In a “Special Defense Department Briefing” he held yesterday, 9 Feb 2005, CENTCOM Deputy Commander Lieutenant General Lance Smith said “There are some tensions between Eritrea and Ethiopia right now as far as the border control and who owns Bodme and some of the other areas up there, and that is yet to be resolved.  And we are hoping that they will sit down and talk and come to some resolution on that, but we don't see anything, any immediate action” (sic). http://www.dod.mil/transcripts/2005/tr20050209-1564.html 

 

With all due respect General, unless you want to negate, disregard, and ignore the Peace Accord Eritrea and Ethiopia signed in Algiers annum 2000 and agreed to only abide by, Eritrea and Ethiopia have long sat down and talked about  “who owns Bodme and some of the other areas up there”(sic) and the resolution on that has long been out and exists in the form of the decision of the Eritrea-Ethiopia Boundary Commission of 13 April 2002 and there is nothing “that is yet to be resolved”. By treaty of Algiers, the decision of the boundary commission is final, binding, without appeal or recourse and cannot be talked about in whatever form or shape once it has been rendered.

 

The United States, the UN/UNSC, and other international organizations stand by and firmly support the Boundary commission and its decision.
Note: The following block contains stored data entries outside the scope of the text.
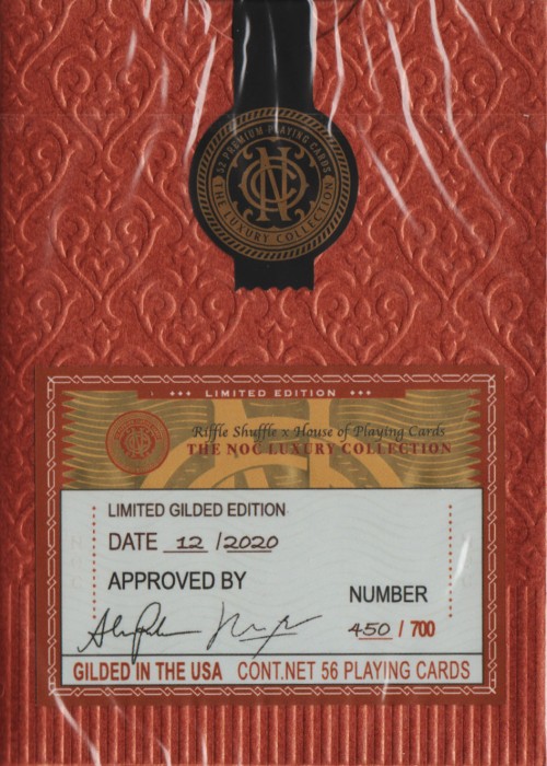 We are excited to announce the very first legendary collaboration between House of Playing Cards (HOPC) and Riffle Shuffle Playing Card Co. With over one year of meticulous planning, we are finally ready to present to you the most luxurious NOC ever made. Introducing – The NOC Luxury Collection. This Bronze deck features bronze gilding on the edges to match the deck colors and a custom designed numbered foil label. These gilded decks were exclusive to the Kickstarter campaign.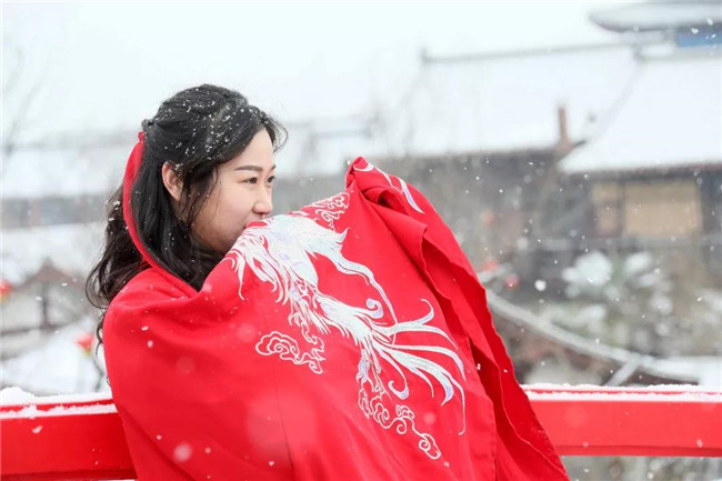 大年初六,清明上河园飘起了雪花,但是却没有影响游客的游园热情、脸上的欢乐、看演出时的认真!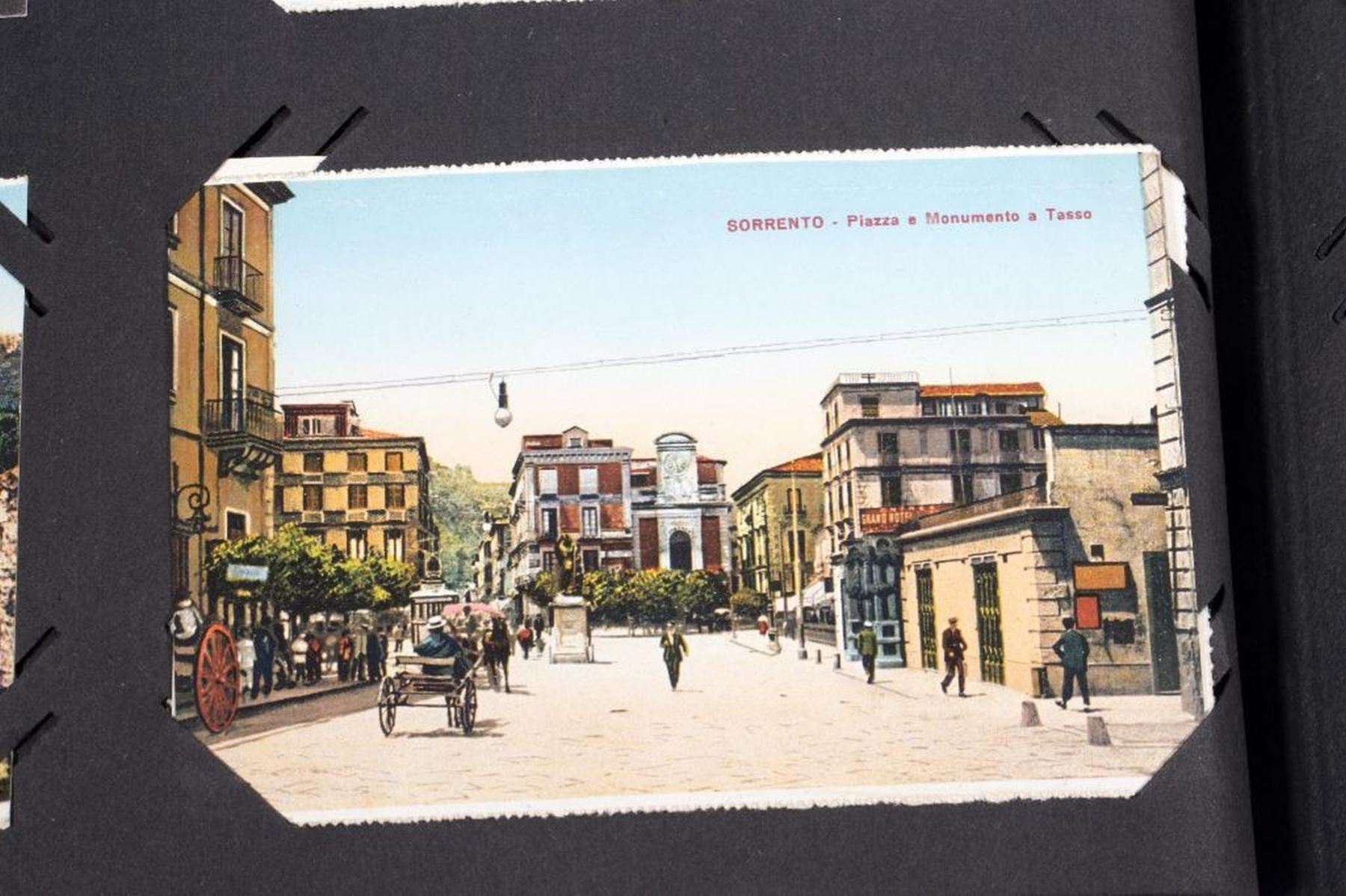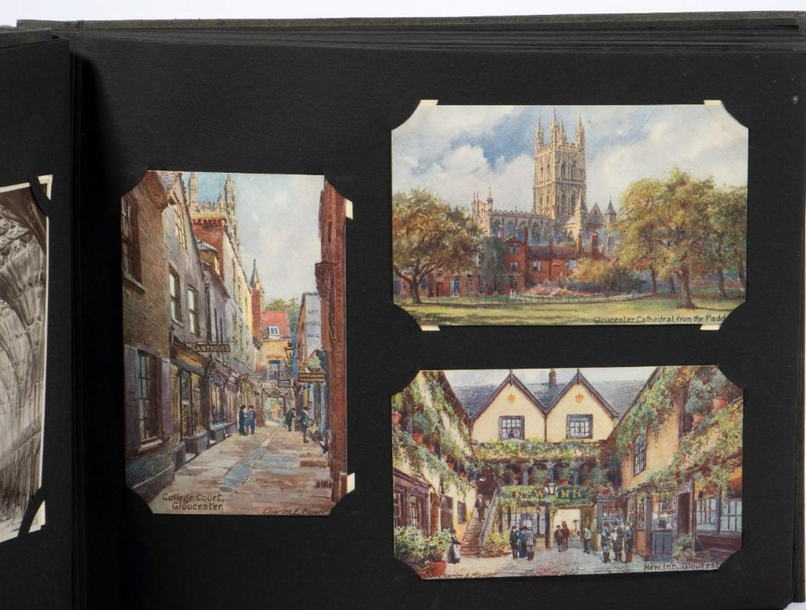 The smaller album is comprised of approx. 195 mostly unsent postcards of Britain. The other two albums are identified as being from the 1928 European trip of Betty and P. W. Linscott, and together contain approx. 400 mailed and unsent postcards, approx. 55 snapshot photographs, and several pages of tickets and other travel ephemera. Snapshots include several from the sea crossing on the Cunard Line R.M.S. Caronia. The albums and contents are in good condition.

The latest US stance on the decision of the EEBC has been a call for strict adherence to the Algiers peace accord: (http://www.state.gov/r/pa/prs/ps/2004/28294.htm ) 

 

General Smith, your above statement, though, clearly departs from the official stance of the US Department because you refer to the border issue as something “that is yet to be resolved” and hope that “they will sit down and talk and come to some resolution”. That would mean reopening a legally settled matter, which can only happen by depriving it of its legal basis: The Algiers peace accord. Though that is possible, it is not a formula for peace but a patented recipe to the contrary, which one would seriously doubt that is really what the US wants?

 

With all due respect again, General Smith, if your statement takes root, then that could be a cause for a major uneasiness in the region, God forbid.